Undifferentiated Permeation of Long-Chain Hydrocarbon Molecules through Graphene Nanopores and Its Implications for Alkane Separations

Graphene nanopore-based two-dimensional membranes are very promising for gas separation. However, the potential of porous graphene membranes for alkane separations has not been fully tapped, owing to the complex effects of molecular chain length on their permeation. Here, we systematically study the permeation of hydrocarbon molecules through graphene nanopores via the molecular dynamics simulation method. The results show that the permeation of hydrocarbon molecules with different chain lengths nearly has no difference for pores with various sizes. This undifferentiated permeation is reflected not only in the penetration rate but also in the permeation time, molecular incident angle, and density in the pore. The mutual offset between the contributions of molecular adsorption and molecular mass to the permeation rate can be responsible for the undifferentiated permeation. Finally, we propose that the selectively separation of alkanes through graphene nanopores can be realized by the molecular-orientation sieving effect, that is, the diverse difficulty level for the hydrocarbon molecules of adjusting to the upright orientation in the nanopore with a certain depth.

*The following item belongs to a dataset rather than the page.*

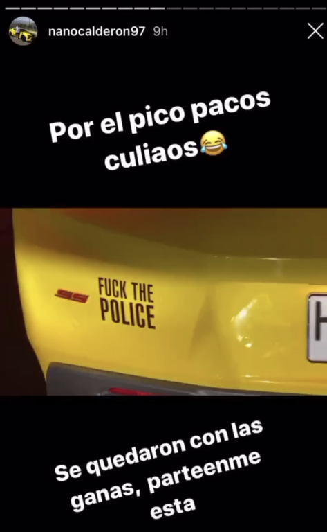 En sus publicaciones, el hijo de Raquel se refirió a Carabineros, aludiendo a que la fuerza policial 'se quedó con las ganas' de pasarle un parte.

The proposed scheme is numerically verified by a selectivity of 13.6 for ethane relative to n-hexane through a three-layer pore with the same size.

Automated summary

Graphene nanopore-based two-dimensional membranes show great promise for gas separation. However, the potential of porous graphene membranes for alkane separations remains underutilized due to the complex effects of molecular chain length on permeation. Through molecular dynamics simulation, we demonstrate that hydrocarbon molecules of different chain lengths exhibit nearly identical permeation behavior through graphene nanopores of varying sizes. This undifferentiated permeation is influenced by factors such as penetration rate, permeation time, molecular incident angle, and density within the pore. Furthermore, we propose a molecular-orientation sieving effect as a means of selectively separating alkanes through graphene nanopores, based on the varying difficulty of hydrocarbon molecules in achieving an upright orientation within the pores.